==== DATASET SECTION
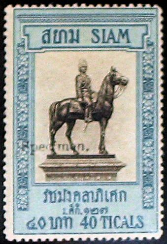 Abb.: Briefmarke zur Einweihung des Reiterstandbilds Ramas V. (พระบรมรูปทรงม้า)
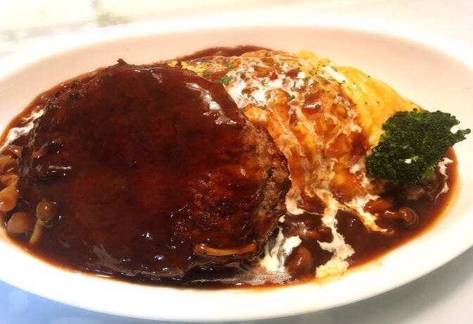 ・수제 함박 오므라이스 800엔 |
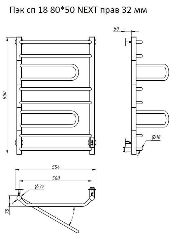 Электрический полотенцесушитель Тругор Next Пэк сп 80x50см правый хром Пэксп18/8050прав32 купить
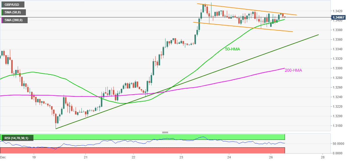 Meanwhile, the 50-HMA level near 1.3400 precedes the stated flag’s support line close to 1.3375 to restrict short-term GBP/USD declines.
========
§ **TASK REQUIREMENTS**:
Repeat only the lines from the one with "Электрический полотенцесушитель Тругор" through the end of the data, both included and exactly as written. Pictures stay out of the copy.

§ **RESPONSE FOR THIS EXERCISE**:
 Электрический полотенцесушитель Тругор Next Пэк сп 80x50см правый хром Пэксп18/8050прав32 купить
 Meanwhile, the 50-HMA level near 1.3400 precedes the stated flag’s support line close to 1.3375 to restrict short-term GBP/USD declines.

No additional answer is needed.